Review your past surveys and use what you’ve learned to shape new questions. You can ask yourself:

– What went wrong last time? 

– How to proceed more effectively this time? 

– Are there questions that should be repeated? 

– Are there questions that shouldn’t be used anymore?

  1. Classify the results.

Each of your employees will have a different individual experience with you. Therefore, classifying your responses will be a significant part of effectively analyzing your survey results. It would be best if you categorized employees into different groups, depending on the department they work in, because each department’s claims or level of dissatisfaction may differ.

You can analyze how your teams perform and understand why some are doing better than others. Or perhaps someone is dissatisfied with just the numbers in the paystub or the need to request it from you. For others, it may not be determinative. 

With this advice in mind, add questions about gender, age, and the department where the employee works. Surveys are still advisable to be done anonymously, as the person may be afraid it will affect their pay stub. You should also explain why you need the information and ensure that anonymity is maintained.

  1. Compare survey results

Benchmarking your survey results will help you understand how your company is performing and identify its problems and areas that need improvement.

You can use three indicators: national, industry, and internal.

  • National Indicators.

These are comparisons to national averages. It will give you an understanding of how your company is doing nationally.
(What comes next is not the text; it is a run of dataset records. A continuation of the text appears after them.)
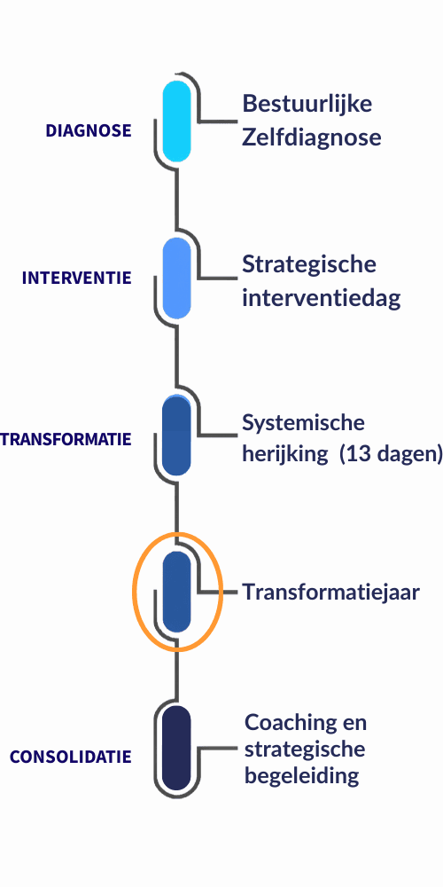 Binnen het transformatiejaar wordt onderscheid gemaakt tussen twee niveaus van leiderschap:
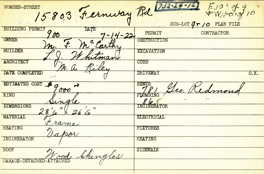 15803 Fernway Road Shaker Heights, OH 44120 PARCEL ID: 732-24-012 Building Permit Date: 07-14-1922 Plan File Number: 3760, 10040 Microfilm Roll: Roll#51, Roll#105 Neighborhood: Onaway Owner: McCarthy, F. Builder: Whitman, L. J. Architect: Riley, M. A. Estimated Cost: 9000 Kind: Single, Single Residence or Dwelling Material: Frame Heating: Vapor Roof: Wood Shingle |
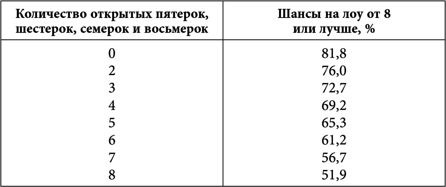 У вас отличные шансы собрать лоу от 8 или лучше, даже если среди 10 открытых карт восемь будут уменьшать ваши шансы. Но отметьте, насколько сложнее собрать лоу от 7.
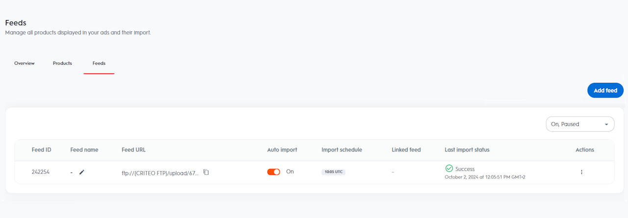 By default, feeds are set to Full Import, meaning the current feed being imported will replace the previously imported one. There are two other import types, which can only be set internally by Criteo if needed by the client:
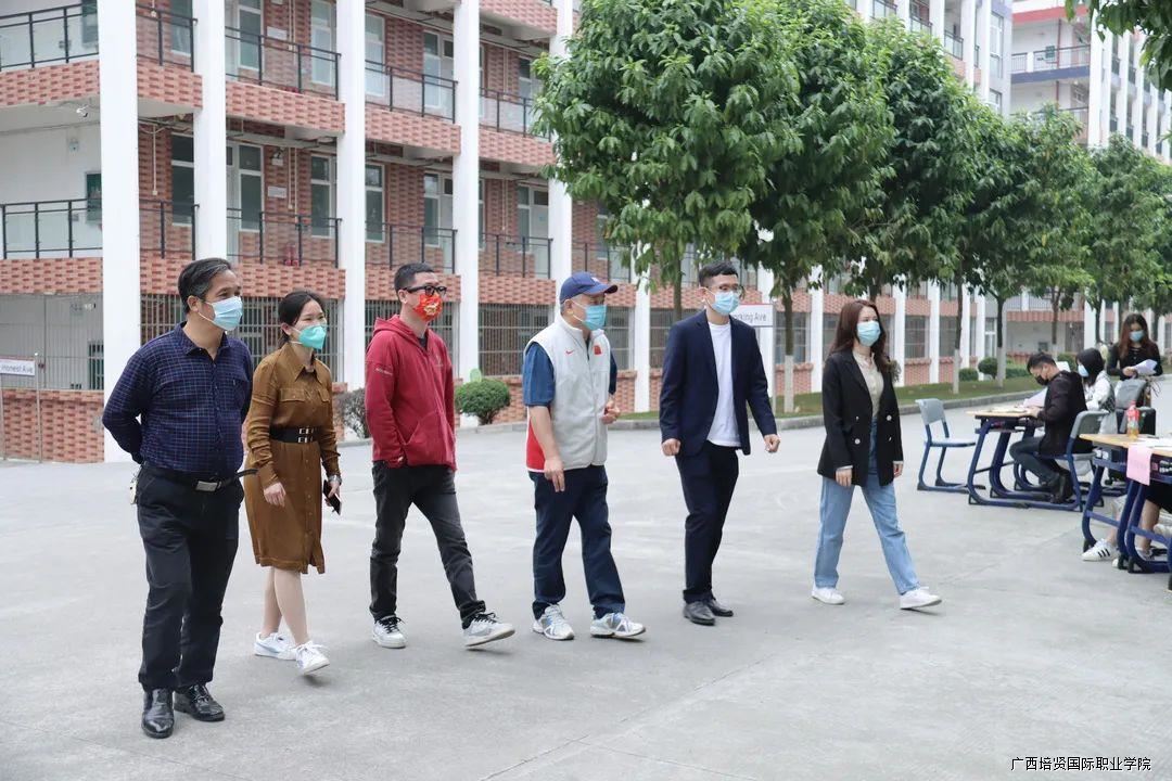 3月14日,为确保春季学期学生开学返校工作有序、顺利推进,林宁校长带队实地检查指导春季开学期间各项疫情防控工作的落实情况,副校长于灏洋,副校长李锡武☛,副校长许家瑞👩🏽🔬,副校长陆蓝莎,董事长助理陈雯雯,百色市彩神职业技术学校副校长黄仁金陪同检查🎺。

These metrics will be able to get your business to the companies with the best levels of these metrics.

  • Industry Performance

Industry-specific tests show how you perform compared to other similar companies. It takes into account factors specific to your industry. These indicators are more reliable because they are more individualized.

  • Internal Indicators

These are some of the essential measures of survey performance. These indicators allow you to monitor the trend of improving or deteriorating company performance.

This type of data tracks the progress of your business and makes improvements.
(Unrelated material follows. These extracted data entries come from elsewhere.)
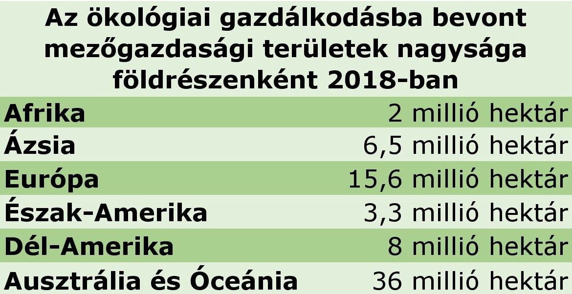 Bár azt gondolnánk, hogy a világ legszegényebb országaiban használják a legkevesebb kemikáliát, azonban ez nem így van – igaz ennek köze lehet a világ népességének eloszlásához is. A KSH nemrégiben közzétett, 2018-as adatai szerint azonban a legkevesebb ökológiai gazdálkodásba vont terület Afrikában van, mindössze 2 millió hektár.
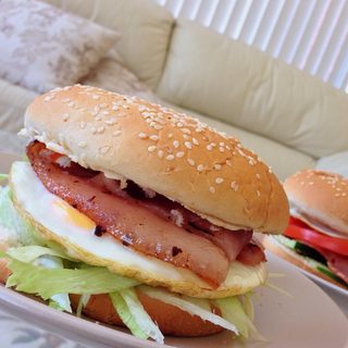 原料:餐包、生菜叶、鸡蛋、西红柿、青瓜、培根、花生酱、黄油。
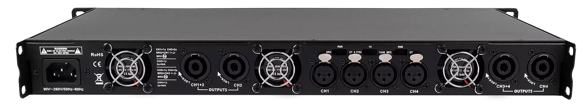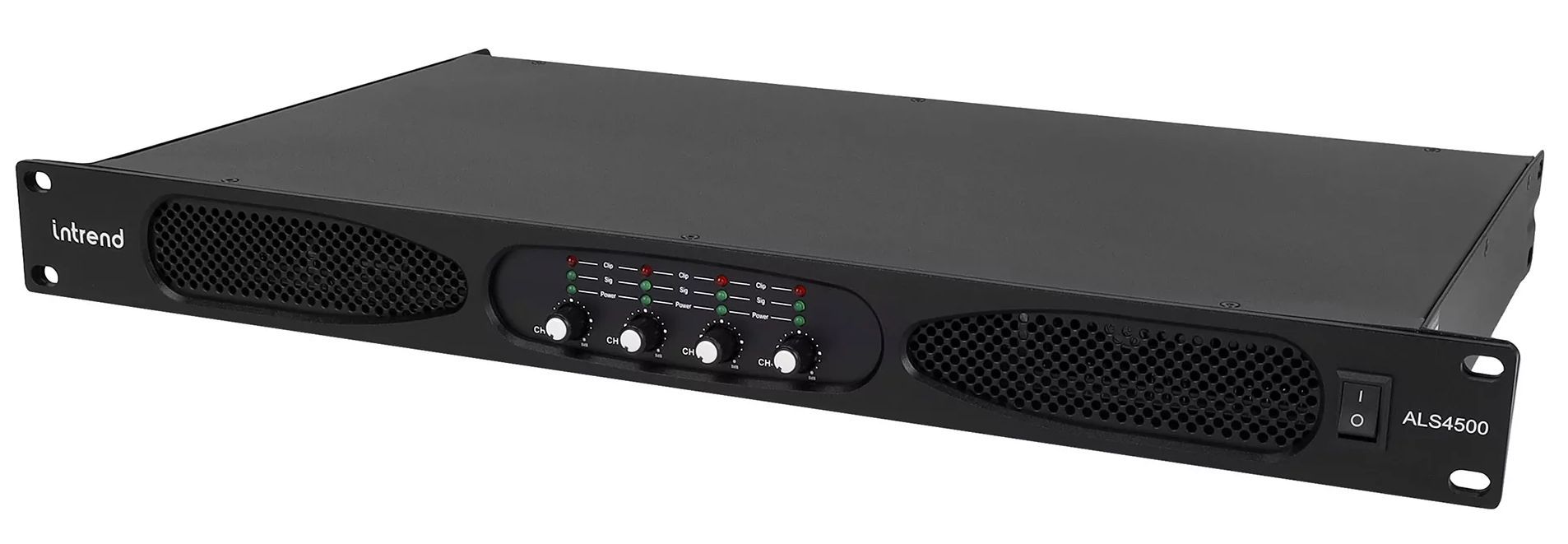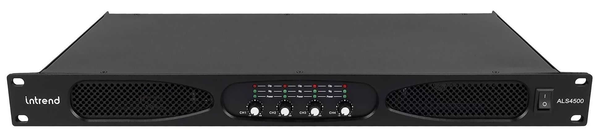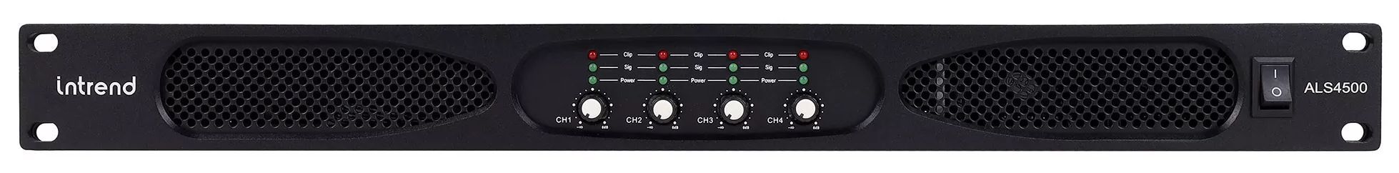 ALS 4500 это четырёхканальный низкоомный усилитель мощности в компактном 1U корпусе. На передней панели усилителя находятся регуляторы громкости для каждого канала, индикаторы уровня сигнала, перегрузки и защиты.

  1. Pay attention to qualitative answers.

Yes, numbers are essential. However, paying attention to qualitative responses is equally important to supplement the quantitative data you receive and ensure that you don’t miss anything important. Qualitative data can reflect an employee’s motivation, thoughts, and attitude.  

Without context, numerical responses can be unreliable because they don’t consider extraneous factors. 

A common problem with anonymous surveys is the inability to get feedback and quality data. By doing so, you miss the opportunity to get more information to clarify grievances or reasons for incomplete employee satisfaction. 

  1. Give managers a lot of importance.

Your managers play an essential role in analyzing employee engagement. You should give them enough time and resources to connect with employees and increase their interest in the company’s success.

Allow managers to evaluate the results of the survey within their department. Based on the responses, managers should work within the team to increase the level of engagement among employees.

If you are serious about employee engagement as a core talent management strategy, your managers must share this responsibility. One sure way to get them involved is to hold them accountable for employees’ lack of desire to participate in the firm’s life. Employee engagement is a significant indicator of managers’ performance that can affect their raises or bonuses. 

To analyze management performance, add questions to your survey about managers’ interactions with the team throughout the year.

  1. Share the success of the company

Your job is to keep employees willing to participate in the company’s life. It is only possible if they become part of its success. Employee engagement can become a sustainable part of your company culture when you make this an ongoing discussion.  

Your ultimate goal in conducting any employee survey analysis is to determine what other actions you should take to increase employee engagement at the company. After completing a sound analysis, your next step should be to create an action plan.

Even if you’re not happy with the results, reporting them and providing transparency to the business is still essential. Instead of playing the blame game, identify why problems are occurring and focus on finding a solution.